I lavoratori cinesi venivano sfruttati
Queste fabbriche illegali, situate nella periferia di Milano, avevano borse e accessori realizzati da lavoratori cinesi che vivevano in condizioni squallide sul posto, come mostrano le immagini della polizia rivelate dal quotidiano italiano “Corriere della Serra”.
E secondo la polizia italiana la maison era a conoscenza della truffa. Nel corso della perquisizione, gli investigatori hanno infatti incontrato in un laboratorio segreto un ispettore della “Armani Operations Spa”, che ha effettuato personalmente il “controllo qualità” dei manufatti.

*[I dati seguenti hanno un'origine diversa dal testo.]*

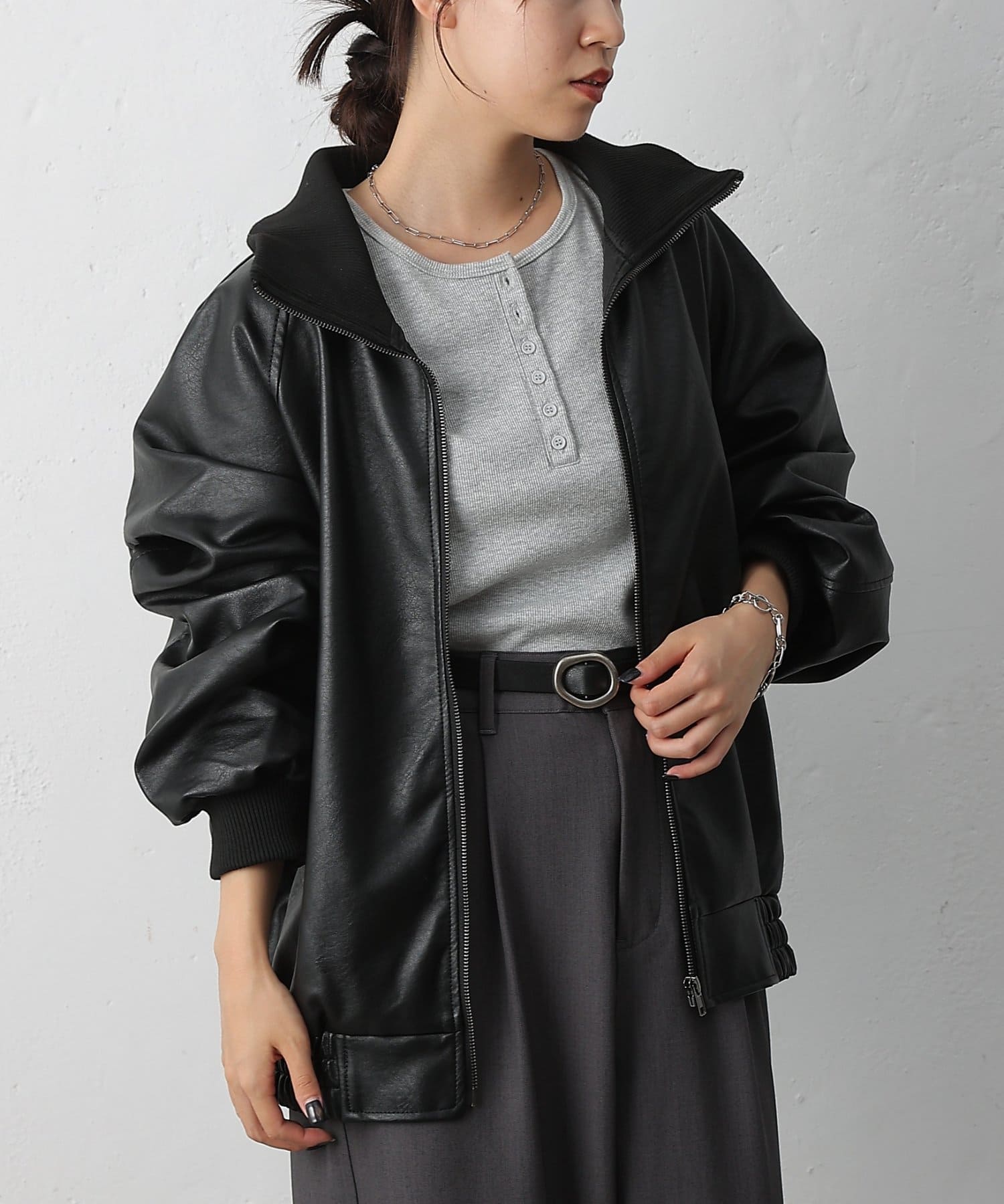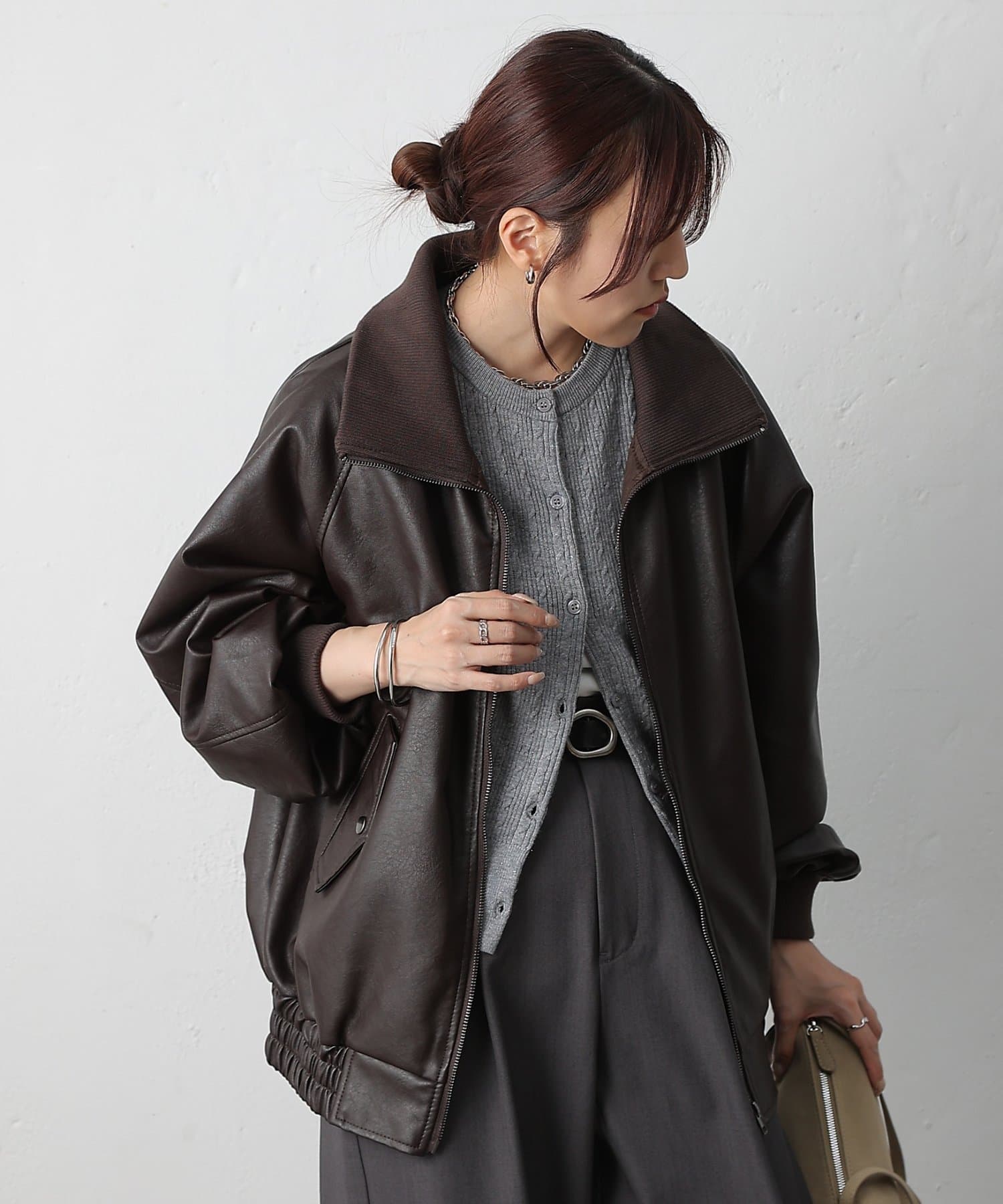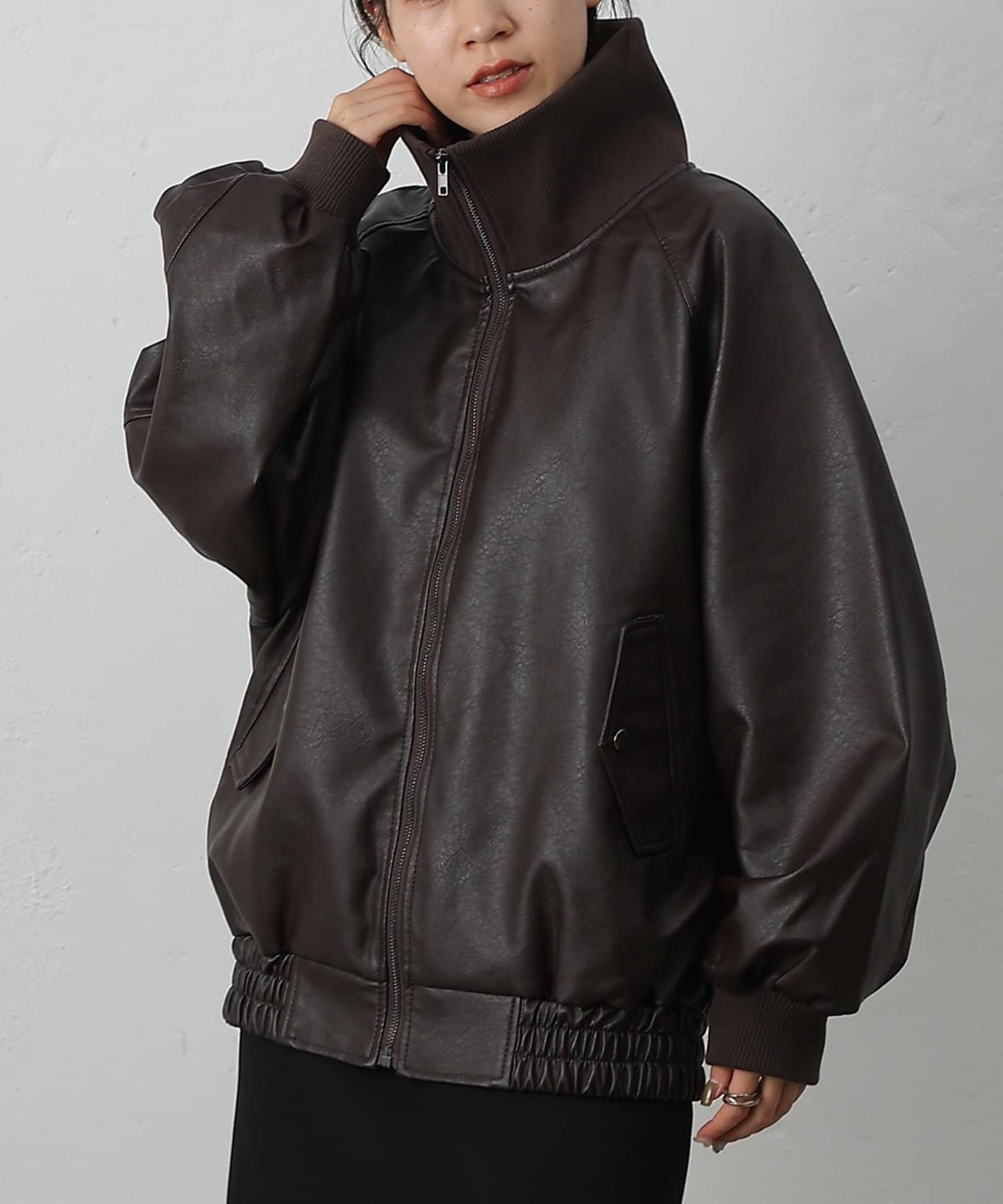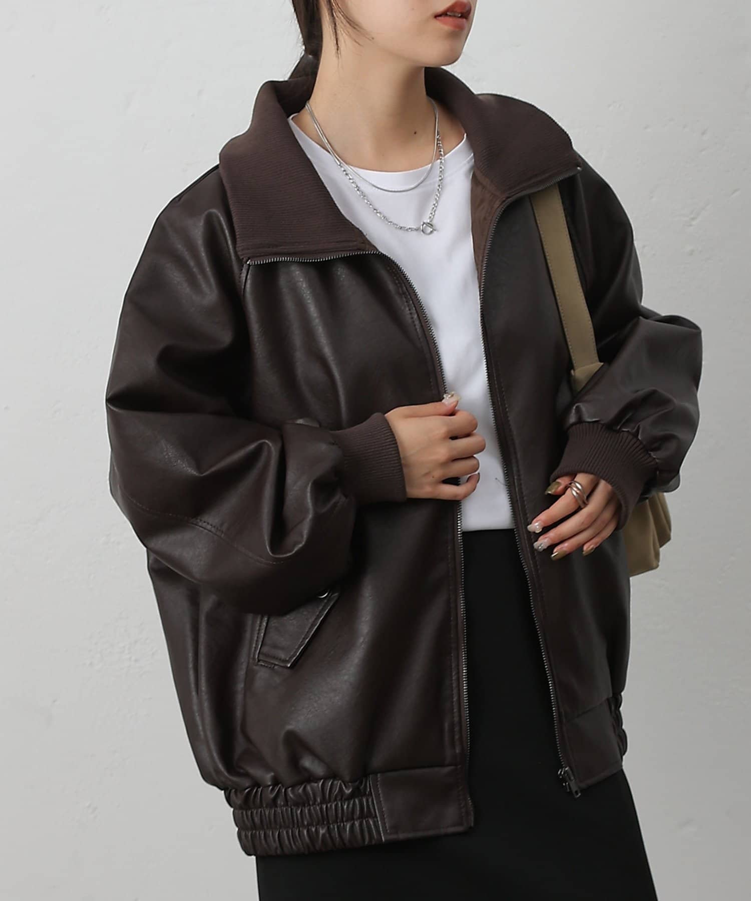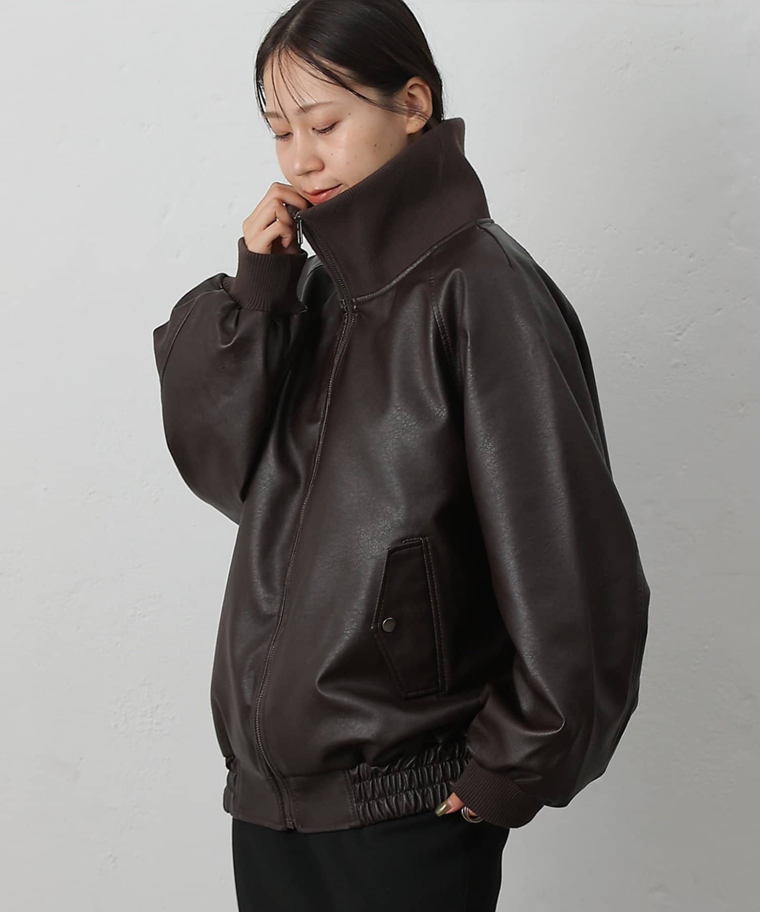 【スタンドネックにも◎ヴィンテージ風フェイクレザーMA-1】

Gli inquirenti hanno anche messo le mani su un verbale di “operazioni Armani” relativo alla “Manifattura Lombarde” che segnalava diversi posti di blocco non conformi. Qualsiasi tentativo da parte di una casa di moda porterebbe senza questa attenzione.
“L'industria della moda deve affrontare il problema del lavoro nero”
I giudici italiani incaricati del caso hanno quindi concluso che la Casa Armani era a conoscenza di questi fatti relativi al lavoro illegale. «Una cultura aziendale basata sul controllo della filiera produttiva è gravemente viziata. Una pratica illegale è talmente radicata e comprovata da poter essere considerata parte di una più ampia politica aziendale volta all'incremento del business.»